Experts estimate that the harvest of non-timber forest products nationwide generates at least $5 billion annually — a conservative figure considering that at least half of the harvest is thought to be illegal and undocumented, Alexander said.
About half the products are gathered in the Pacific Northwest, particularly the evergreen boughs and pine cones that are so popular around the holidays.
Harvesters took more than 10,500 tons of pine, cedar and fir boughs from federal and state forests in Oregon and Washington in 2001, and more than 13,800 bushels of pine cones.
Holiday greens and floral grasses from the Pacific Northwest generate between $129 million and $500 million a year, experts say, though tracking the industry is difficult because of the collectors' transient lifestyle.
Collecting small amounts of wild crops such as decorative beargrass, the broad-leafed salal and huckleberries has been a cottage industry for more than 100 years, Alexander said.
Over the past 30 years, however, the number of commercial-scale harvesters has shot up as southeast Asian and Central and South American immigrants entered the industry. Federal agencies estimate that about 10,000 harvesters work legally in the Pacific Northwest's national forests; officials say twice as many likely harvest without permits.
As a result, state and federal forest officials struggle to document the number of harvesters in the woods and monitor collecting methods that are often illegal or, at best, questionable.
Many of the wreaths and garlands holiday shoppers buy at major chain stores are the product of a system that encourages tax evasion, poor labor practices and environmental abuse, industry insiders say.
"We have a half-billion dollar industry of which about 80 percent of the product is harvested illegally. Nobody's paying taxes . . . nobody's paying anything," said Peter van Well, owner of Golden Eagle Evergreens in Puyallup, Wash.
"There are plenty of rules and regulations, but they are not enforced and at the same time the land is being ruined and the product is being ruined," said van Well, who says he buys only legally harvested materials from documented and insured collectors.
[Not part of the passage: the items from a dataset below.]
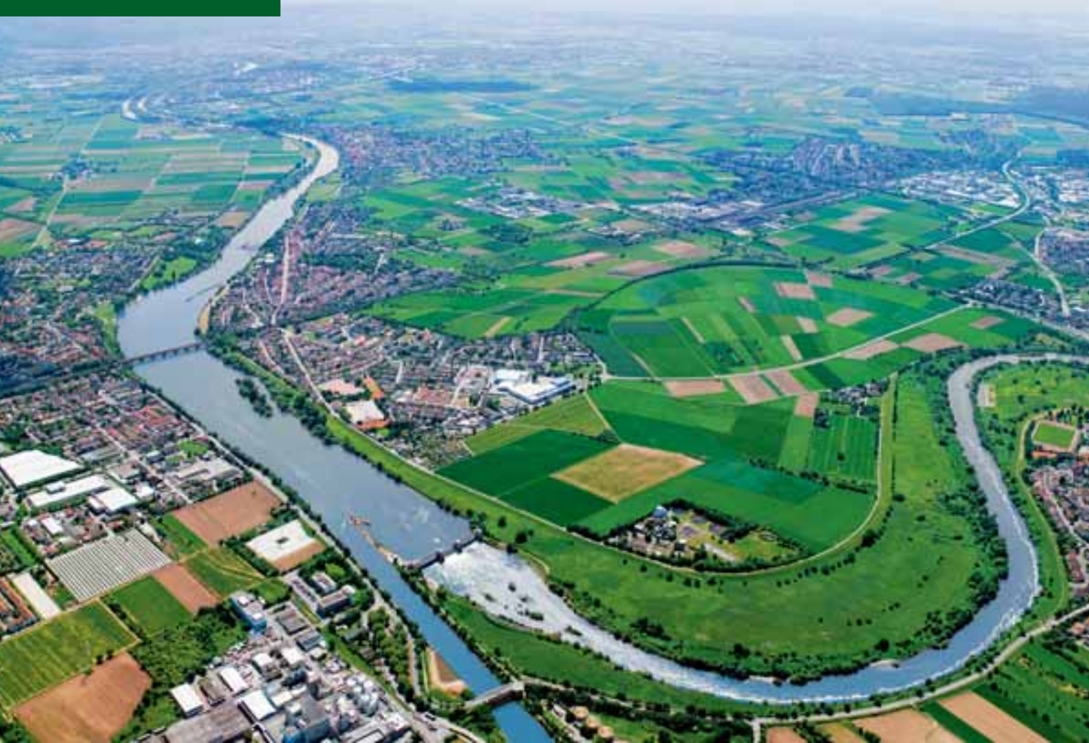
Die Neckarschleife bei Edingen-Neckarhausen aus Richtung Mannheim aufgenommen. In der kleinen Gemeinde sind neben alteingesessenen Unternehmen auch viele junge Betriebe ansässig, die die zentrale Lage zwischen den Oberzentren Mannheim und Heidelberg schätzen.
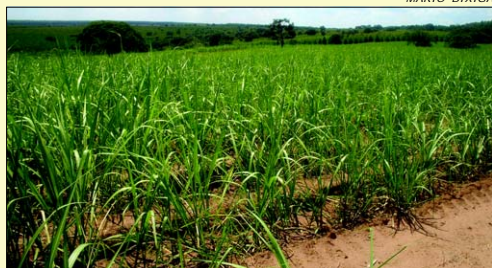
Plantação de cana-de-açúcar
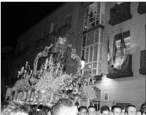
Petalada desde la sede de la Federación Malagueña de Peñas. Comitiva peñista, en el Santuario.
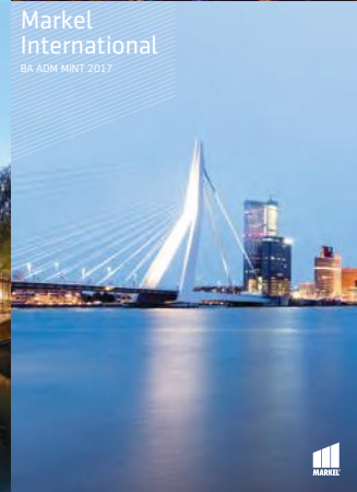
Markel International BA ADM MINT 2017
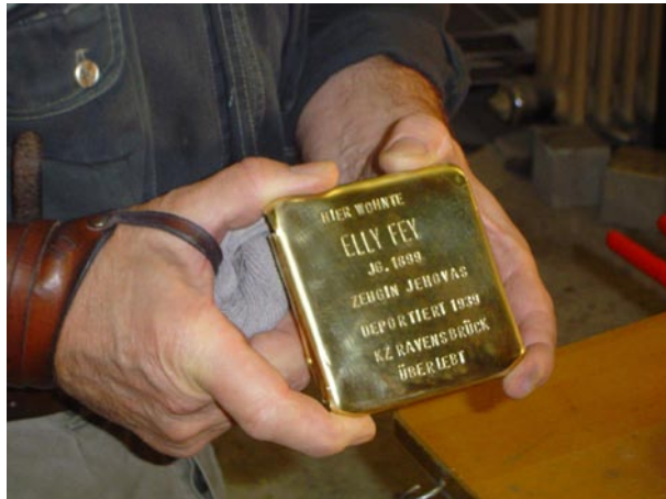
„Stolperstein“-Verlegung in Köln, 2004.

Zur Erinnerung an diese standhafte Frau wurde im Oktober 2004 in Köln auf dem Gehweg vor ihrem Wohnhaus in der Wilhelmstraße 58 ein „Stolperstein“ mit ihrem Namen und dem Hinweis „Zeugin Jehovas“ verlegt.

Illegal harvesting is common on public lands, but is most noticeable on private timber land, said Craig Marbet, special forest products forester for Simpson Resource Co. in Shelton, Wash.
For the cost of a permit, the company allows harvesters to collect tree boughs on about 15 percent of its 300,000 acres, but it loses hundreds of thousands of dollars each season from collectors who overharvest or sneak into off-limits areas, he said.
Most recently, Marbet surprised a six-man crew that had illegally cut nearly 4 1/2 tons of cedar boughs from trees along a sensitive stream bank. The crew boss had $8,000 in cash hidden in his glove compartment; one of the crew members had been arrested and released for a similar offense several days before, Marbet said.
"Every year it seems to be getting incrementally worse. We've got an insatiable desire for this product, we have a limited resource and we've got an unlimited work force that's mostly unregulated," he said. "I hope people think when they buy their wreaths that maybe they're not buying a sustainable product."
Others in the industry, however, say many operators follow the rules and are just trying to make a living in an unpredictable market with fierce competition.
"Many of the greens companies are knowingly or unknowingly buying stolen or poached material, absolutely," said Mark Savage, special forest products forester for the Washington Department of Natural Resources. "But it's not all black and white — there's some real good operators out there."
Buyer Peter van Well, for example, pays Social Security and insurance for his 50 contract harvesters and has pushed for stricter enforcement by state and federal officials.
Jerry Hilliker, a pine cone broker in La Pine, Ore., bought six million ponderosa pine cones from harvesters this season and sold most of them to a company that sprays them in cinnamon-scented oil. The cones sell at major grocery chains across the country for between $4 and $6 a bag during the holidays, he said.
Hilliker pays collectors about 2 1/2 cents per cone; 90 seasonal employees dip, package and ship the pine cones in the late fall.
Most of Hilliker's harvesters are locals who do the job to earn extra holiday money and they help clear the forest floor of dried-up cones that could fuel a wildfire, he said.
"It's all geared for the holidays. It takes me about five to six months to get all the cones that I need and they're gone in about 15 days," Hilliker said.
For their part, collectors say it's not fair that wilderness harvesters have a bad reputation because of the transgressions of a few.
Koy Chounlabout and her husband travel a circuit through Oregon, Washington and Montana, living in campgrounds for most of the year while they pick mushrooms, pine cones, huckleberries and beargrass.
Chounlabout also works for the Forest Service three months a year, educating fellow harvesters about the proper ways to search for and pick matsutake mushrooms in central Oregon.
"It's better than living in a big town and working all the time," she said of the harvester's life. "I don't want to be in the office — it's like jail. I'm the boss and I'm the employee. It's free."